**WHAT YOU HAVE TO DO:**
Return all the entries word for word, minus the pictures.

- Opening Delimiter -

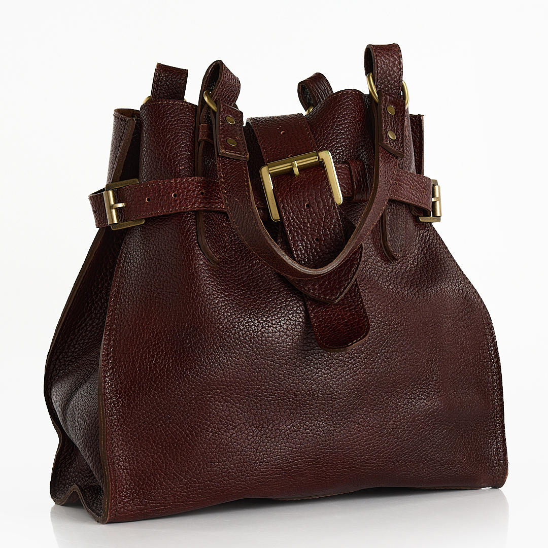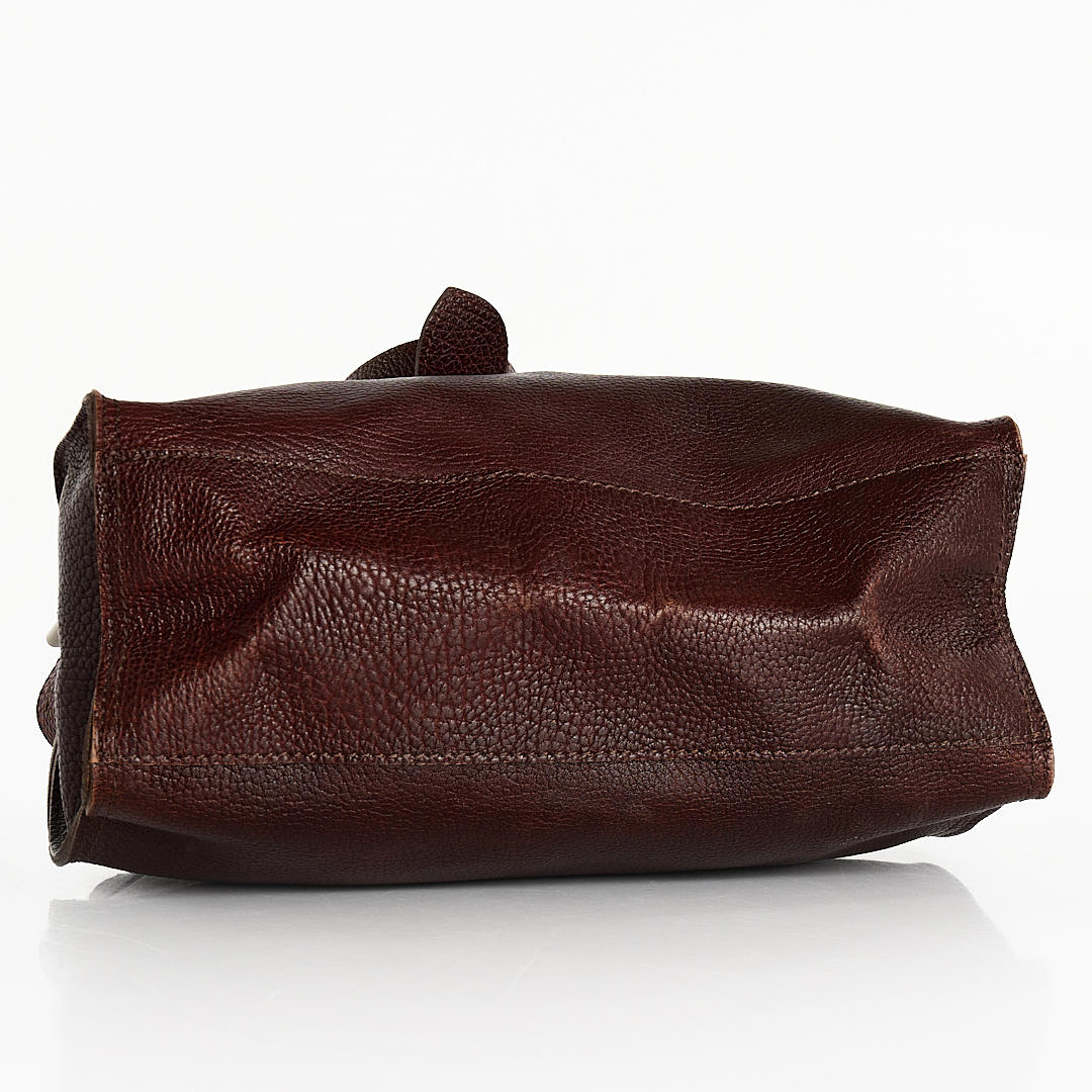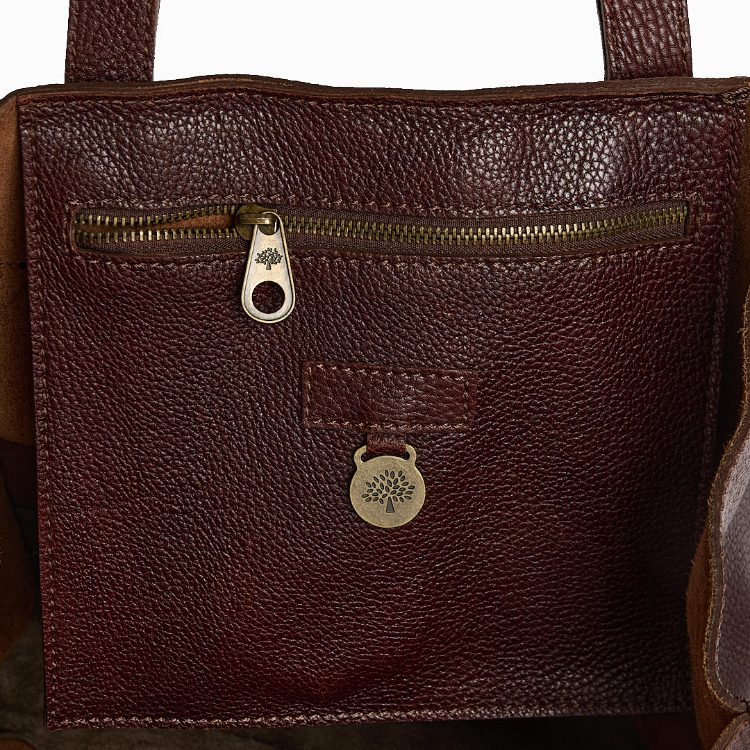Maroon handbag from Mulberry in model “Elgin”. Leather with brass details. One interior zip pocket. Closure with magnetic button.
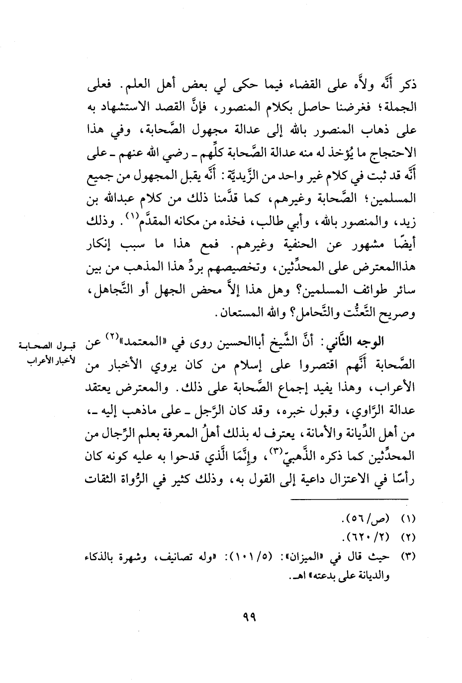 الوجه الثاني: أنّ الشّيخ أبا الحسن روى في ((المعتمد)) (¬2) عن الصّحابة أنّهم اقتصروا على إسلام من كان يروي الأخبار من الأعراب, وهذا يفيد إجماع الصّحابة على ذلك. والمعترض يعتقد عدالة الصّحابة, وقبول خبره, وقد كان الرّجل -على ما ذهب إليه, من أهل الدّيانة والأمانة, يعترف له بذلك أهل المعرفة بعلم الرّجال من المحدّثين كما ذكره الذّهبي (¬3) , وإنّما الذي قدحوا به عليه كونه كان رأساً في الاعتزال داعية إلى القول به, وذلك كثير في الرّواة الثقات
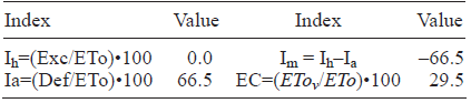 According to Thornthwaite, the humidity or aridity of a climate can be expressed in terms of the water excess index (Ih) and the aridity index (Ia), for which the following equations are used:
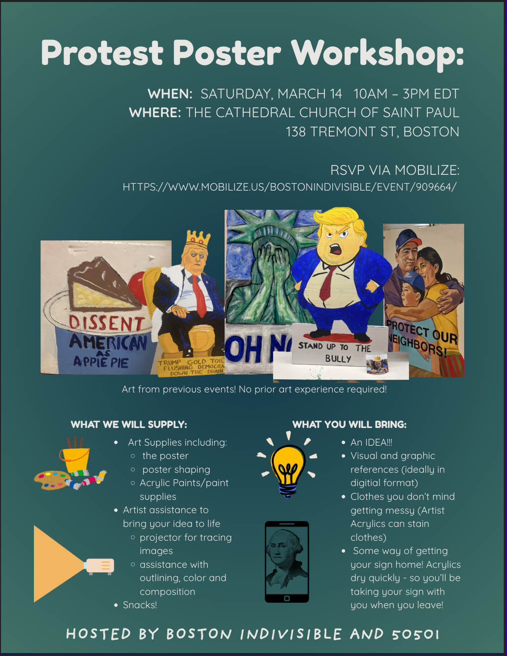 Art of the Resistance: Protest Poster Workshop Saturday, March 14, 2026 10:00 AM 3:00 PM The Cathedral Church of Saint Paul 138 Tremont Street Boston, MA, 02111 United States (map) Google Calendar ICS RSVP AT MOBILIZE
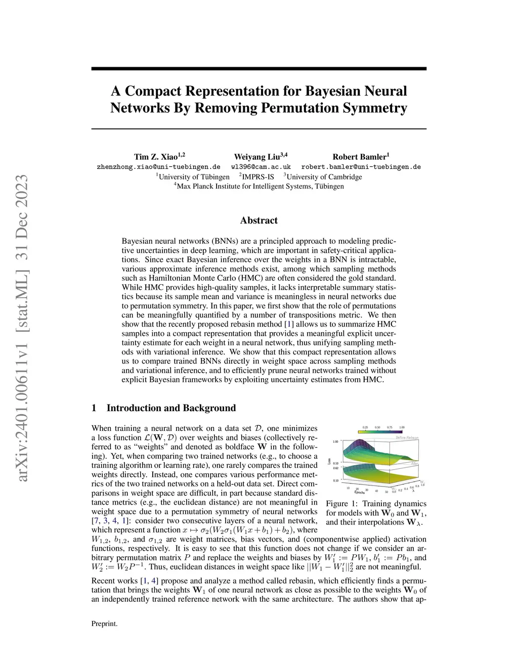 Bayesian neural networks (BNNs) are a principled approach to modeling predictive uncertainties in deep learning, which are important in safety-critical applications. Since exact Bayesian inference over the weights in a BNN is intractable, various approximate inference methods exist, among which sampling methods such as Hamiltonian Monte Carlo (HMC) are often considered the gold standard. While HMC provides high-quality samples, it lacks interpretable summary statistics because its sample mean and variance is meaningless in neural networks due to permutation symmetry. In this paper, we first show that the role of permutations can be meaningfully quantified by a number of transpositions metric. We then show that the recently proposed rebasin method allows us to summarize HMC samples into a compact representation that provides a meaningful explicit uncertainty estimate for each weight in a neural network, thus unifying sampling methods with variational inference. We show that this compact representation allows us to compare trained BNNs directly in weight space across sampling methods and variational inference, and to efficiently prune neural networks trained without explicit Bayesian frameworks by exploiting uncertainty estimates from HMC.
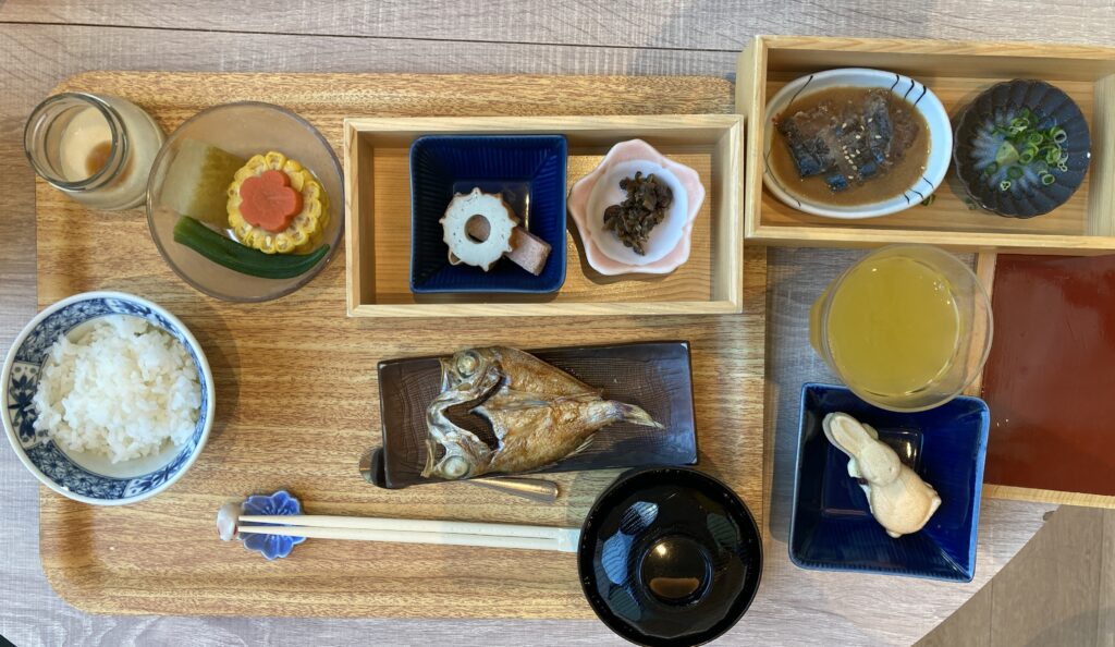 朝食は和食です。 おつゆは宍道湖のシジミ汁です。 デザートのうさぎ最中もいただきます。

- Closing Delimiter -

**YOUR SOLUTION:**
Maroon handbag from Mulberry in model “Elgin”. Leather with brass details. One interior zip pocket. Closure with magnetic button.
 الوجه الثاني: أنّ الشّيخ أبا الحسن روى في ((المعتمد)) (¬2) عن الصّحابة أنّهم اقتصروا على إسلام من كان يروي الأخبار من الأعراب, وهذا يفيد إجماع الصّحابة على ذلك. والمعترض يعتقد عدالة الصّحابة, وقبول خبره, وقد كان الرّجل -على ما ذهب إليه, من أهل الدّيانة والأمانة, يعترف له بذلك أهل المعرفة بعلم الرّجال من المحدّثين كما ذكره الذّهبي (¬3) , وإنّما الذي قدحوا به عليه كونه كان رأساً في الاعتزال داعية إلى القول به, وذلك كثير في الرّواة الثقات
 According to Thornthwaite, the humidity or aridity of a climate can be expressed in terms of the water excess index (Ih) and the aridity index (Ia), for which the following equations are used:
 Art of the Resistance: Protest Poster Workshop Saturday, March 14, 2026 10:00 AM 3:00 PM The Cathedral Church of Saint Paul 138 Tremont Street Boston, MA, 02111 United States (map) Google Calendar ICS RSVP AT MOBILIZE
 Bayesian neural networks (BNNs) are a principled approach to modeling predictive uncertainties in deep learning, which are important in safety-critical applications. Since exact Bayesian inference over the weights in a BNN is intractable, various approximate inference methods exist, among which sampling methods such as Hamiltonian Monte Carlo (HMC) are often considered the gold standard. While HMC provides high-quality samples, it lacks interpretable summary statistics because its sample mean and variance is meaningless in neural networks due to permutation symmetry. In this paper, we first show that the role of permutations can be meaningfully quantified by a number of transpositions metric. We then show that the recently proposed rebasin method allows us to summarize HMC samples into a compact representation that provides a meaningful explicit uncertainty estimate for each weight in a neural network, thus unifying sampling methods with variational inference. We show that this compact representation allows us to compare trained BNNs directly in weight space across sampling methods and variational inference, and to efficiently prune neural networks trained without explicit Bayesian frameworks by exploiting uncertainty estimates from HMC.
 朝食は和食です。 おつゆは宍道湖のシジミ汁です。 デザートのうさぎ最中もいただきます。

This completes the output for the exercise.